Nabou détacha le nid de la fourche, et entreprit de redescendre, mais ce n’était pas une petite affaire avec ce fragile fardeau qui lui occupait une main ! Il pensa plus d’une fois tout lâcher, et même alors qu’il était encore à une douzaine de mètres du sol, il faillit perdre l’équilibre et tomber. Enfin il sauta sur le sol moussu. Il marchait depuis quelques minutes dans ce qu’il pensait être la direction de la ville, quand il fit une extraordinaire rencontre. C’était une paire de bottes, et au-dessus un gros ventre, et au-dessus un chapeau de garde-chasse, bref un véritable géant des bois. Et le géant cria d’une voix de tonnerre :
— Alors, petit galopin ? C’est comme ça qu’on vient dénicher les œufs dans la forêt du roi ?
Petit galopin ? Comment pouvait-on l’appeler ainsi ? Et Nabou s’avisa soudain qu’en effet il était devenu fort petit, mince et agile, ce qui expliquait au demeurant qu’il pût courir des heures durant et monter aux arbres. Et il n’eut pas non plus de mal à se glisser dans un fourré et à échapper au garde-chasse encombré par sa taille et son ventre.
Quand on approche de Chamour, on passe à proximité du cimetière. Or le petit Nabou se trouva arrêté en cet endroit par une grande et brillante foule qui entourait un splendide corbillard, tiré par six chevaux noirs, bêtes magnifiques, empanachées de duvet sombre et caparaçonnées de larmes d’argent.
Il demanda plusieurs fois qui donc on enterrait, mais toujours les gens haussaient les épaules et refusaient de lui répondre, comme si sa question avait été par trop stupide. Il remarqua simplement que le corbillard portait des écussons sur lesquels il y avait un N surmonté d’une couronne. Finalement il se réfugia dans une chapelle mortuaire située à l’autre bout du cimetière, il posa le nid à côté de lui, et, à bout de force, il s’endormit sur une pierre tombale.

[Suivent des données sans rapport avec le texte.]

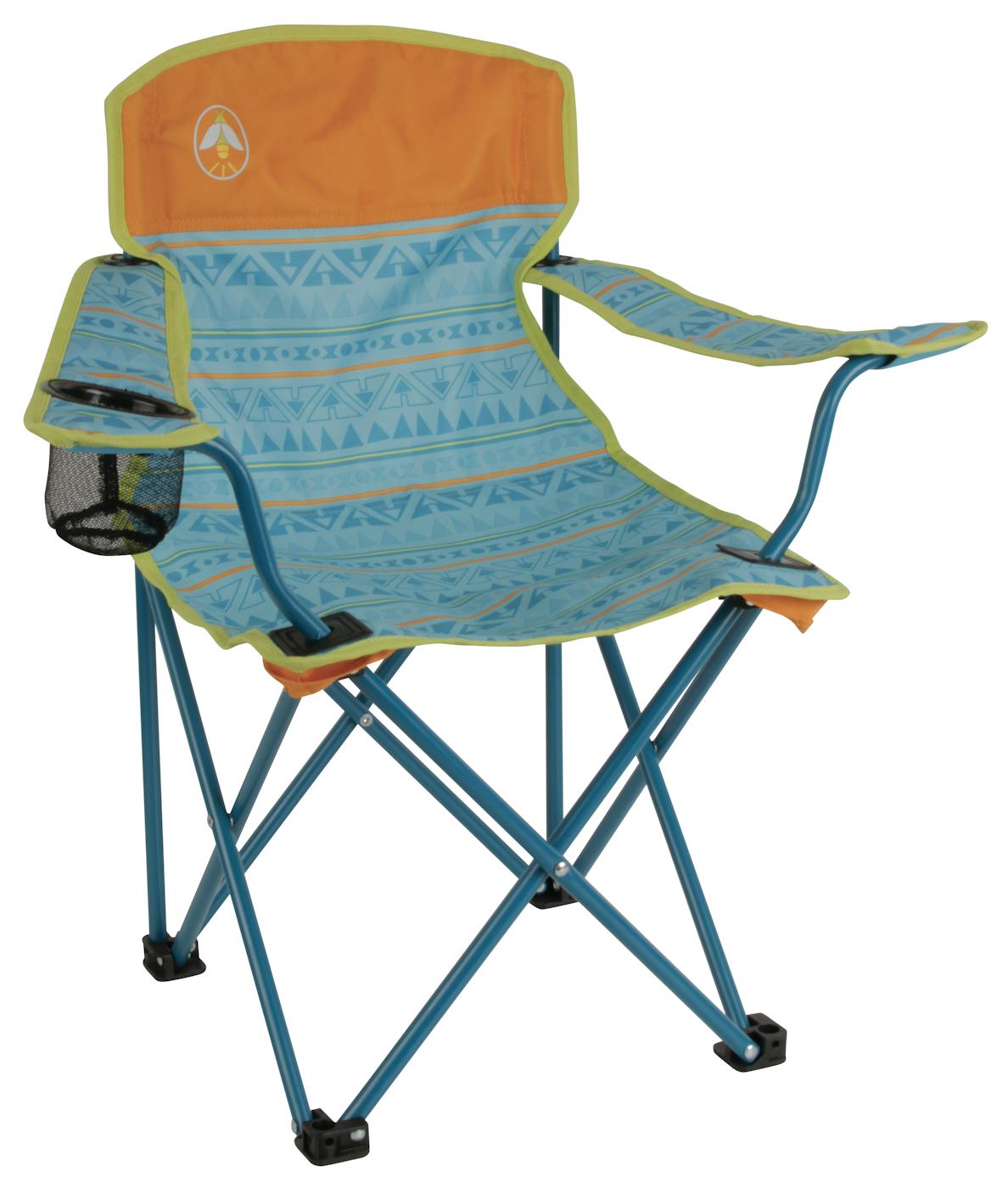 Take kid-sized comfort with you to the campsite, BBQ or picnic with a Coleman® Kids Quad Chair. Relaxing so much can make your kid thirsty, but with the mesh cup holder, they can keep a drink close at hand. A low seat helps resist tipping, and the frame locks to help prevent any accidental folding. When the fun is done, the chair easily folds up into a carry bag for easy transport and storage.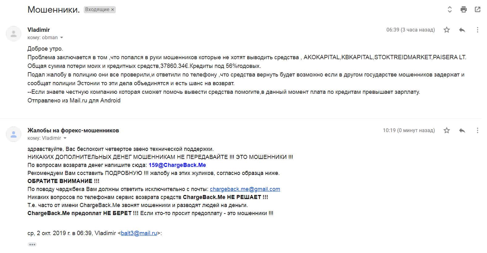 Письмо пришло от одного страждущего человека, который попался на удочку сразу в несколько мошеннических контор, а именно: АКО Капиталс, КБ Капиталс, СтокТрейдМаркет и Пайсера ЛТ. Жулики вытащили почти 38 000 евро, которые клиент взял в кредит под 56% годовых. Теперь остается надеяться только на полицию.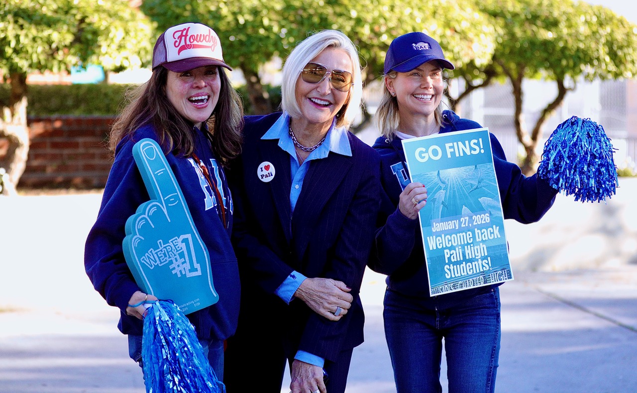 Marquez Elementary Principal Lisa Timmerman was on hand with several teachers and a big sign welcoming students back. “We wanted to support Pali,” Timmerman said. “We’re better together.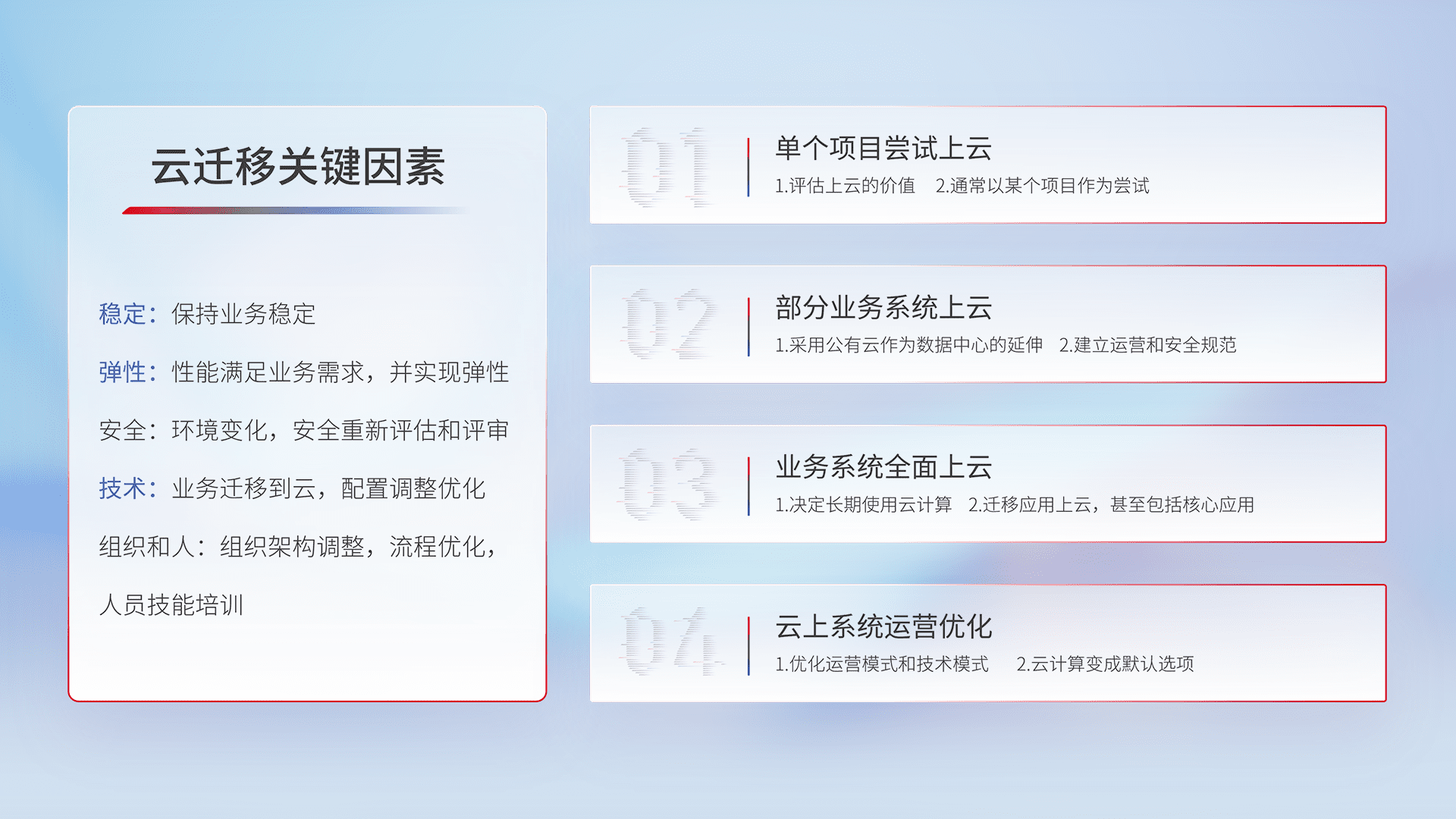 结合实际业务,,,从规划设计、、、云平台选型、、、云原生改造、、数据迁移、、集成交付,,,,迁移全过程为客户识别最佳上云路径,,,,做好风险识别管理,,,,设计网络架构、、、、身份权限、、安全审计合规、、、、操作审计、、日志审计、、、、监控告警策略、、、、多站点容灾设计等,,对云上基础设施进行整体规划,,,提升IT治理水平,,,以满足弹性、、、高可用、、高性能的需求。。。

Le soleil était déjà chaud quand il reprit le lendemain la route de Chamour. Il eut la surprise de trouver la grande porte fermée, ce qui était bien étonnant à cette heure du jour. Il fallait que les habitants attendissent un événement important ou un visiteur de marque, car c’était dans ces circonstances exceptionnelles qu’on fermait et qu’on ouvrait solennellement la grande porte de la ville. Il se tenait ainsi, curieux et indécis, devant le haut portail, tenant toujours le nid blanc dans ses mains, quand tout à coup l’œuf doré qu’il contenait se fendit en morceaux, et un petit oiseau blanc en sortit. Et ce petit oiseau blanc chantait d’une voix claire et intelligible : « Vive le roi ! Vive notre nouveau roi Nabounassar IV ! »
Alors lentement la lourde porte tourna sur ses gonds et s’ouvrit à deux battants. Un tapis rouge avait été déroulé depuis le seuil jusqu’aux marches du palais. Une foule en liesse se massait à droite et à gauche, et comme l’enfant au nid s’avançait, tout le monde reprit l’acclamation de l’oiseau, en criant : « Vive le roi ! Vive notre nouveau roi Nabounassar IV ! »
Le règne de Nabounassar IV fut long, paisible et prospère. Deux reines se succédèrent à ses côtés sans qu’aucune donnât un dauphin au royaume. Mais le roi, qui se souvenait d’une certaine escapade dans la forêt à la suite d’un oiseau blanc voleur de barbe, ne se faisait aucun souci pour sa succession. Jusqu’au jour où, les années passant, ce souvenir commença à s’effacer de sa mémoire. C’était à l’époque où une belle barbe d’or peu à peu lui couvrait le menton et les joues.